**Task details:**
All of the data should be given again word for word, though the images are to be left out.

[[ Dataset extract open ]]

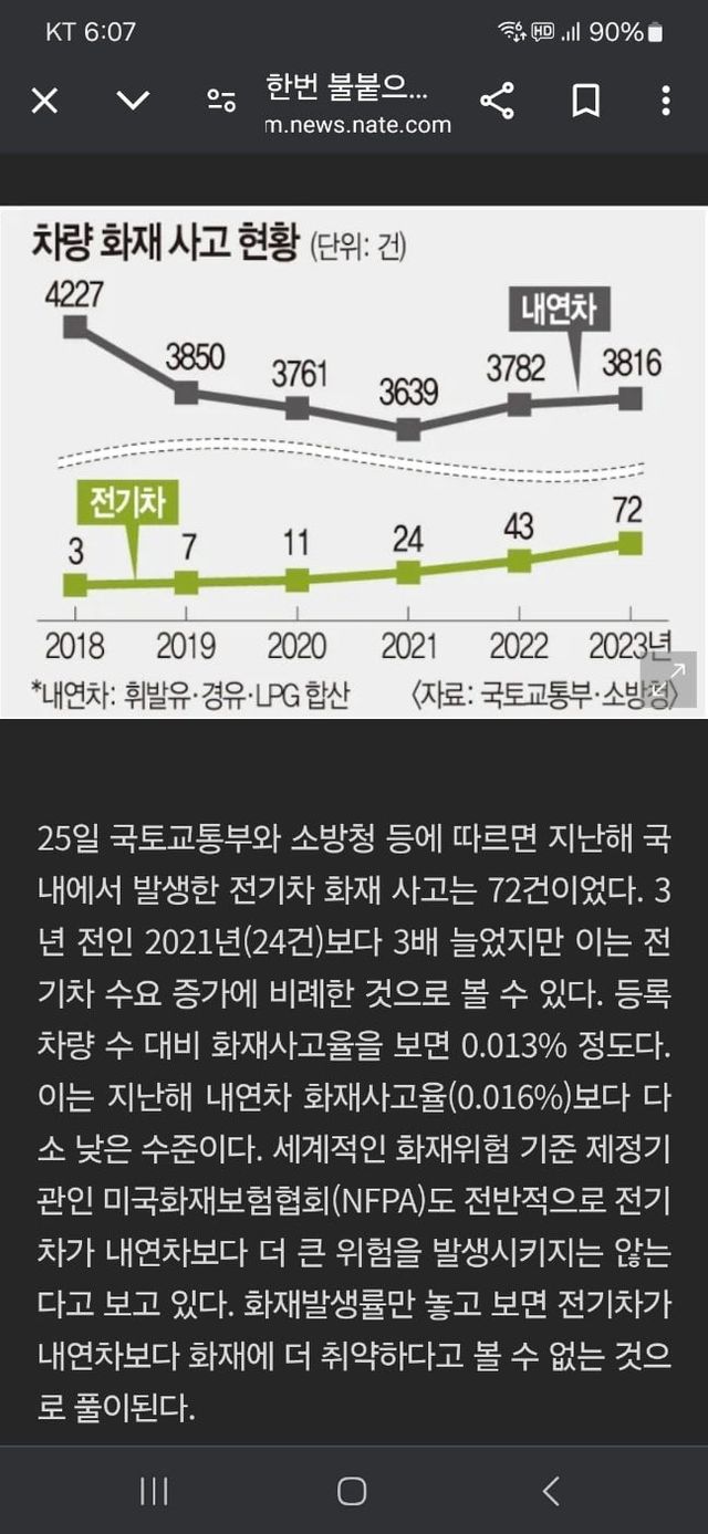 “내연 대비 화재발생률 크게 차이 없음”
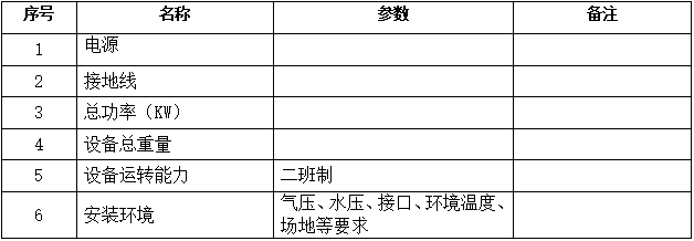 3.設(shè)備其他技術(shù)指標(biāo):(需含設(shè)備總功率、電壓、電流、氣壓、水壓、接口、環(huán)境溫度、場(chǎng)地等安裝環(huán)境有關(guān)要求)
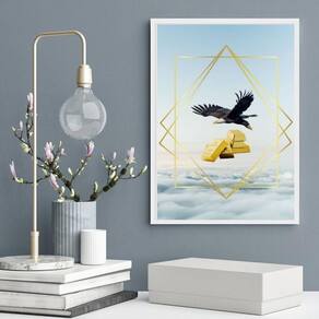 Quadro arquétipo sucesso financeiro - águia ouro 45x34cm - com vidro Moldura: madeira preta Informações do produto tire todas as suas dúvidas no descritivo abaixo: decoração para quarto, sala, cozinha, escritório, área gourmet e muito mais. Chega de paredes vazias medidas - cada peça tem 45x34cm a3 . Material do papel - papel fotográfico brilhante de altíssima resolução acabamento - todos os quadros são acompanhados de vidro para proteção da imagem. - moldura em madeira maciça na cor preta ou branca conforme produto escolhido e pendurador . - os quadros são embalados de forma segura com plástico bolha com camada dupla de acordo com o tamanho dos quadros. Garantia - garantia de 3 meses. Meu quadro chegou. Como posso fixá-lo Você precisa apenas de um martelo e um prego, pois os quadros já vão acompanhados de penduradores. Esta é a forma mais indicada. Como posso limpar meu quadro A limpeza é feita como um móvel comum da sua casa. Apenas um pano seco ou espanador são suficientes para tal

[[ Dataset extract closed ]]

**Your response:**
 “내연 대비 화재발생률 크게 차이 없음”
 3.設(shè)備其他技術(shù)指標(biāo):(需含設(shè)備總功率、電壓、電流、氣壓、水壓、接口、環(huán)境溫度、場(chǎng)地等安裝環(huán)境有關(guān)要求)
 Quadro arquétipo sucesso financeiro - águia ouro 45x34cm - com vidro Moldura: madeira preta Informações do produto tire todas as suas dúvidas no descritivo abaixo: decoração para quarto, sala, cozinha, escritório, área gourmet e muito mais. Chega de paredes vazias medidas - cada peça tem 45x34cm a3 . Material do papel - papel fotográfico brilhante de altíssima resolução acabamento - todos os quadros são acompanhados de vidro para proteção da imagem. - moldura em madeira maciça na cor preta ou branca conforme produto escolhido e pendurador . - os quadros são embalados de forma segura com plástico bolha com camada dupla de acordo com o tamanho dos quadros. Garantia - garantia de 3 meses. Meu quadro chegou. Como posso fixá-lo Você precisa apenas de um martelo e um prego, pois os quadros já vão acompanhados de penduradores. Esta é a forma mais indicada. Como posso limpar meu quadro A limpeza é feita como um móvel comum da sua casa. Apenas um pano seco ou espanador são suficientes para tal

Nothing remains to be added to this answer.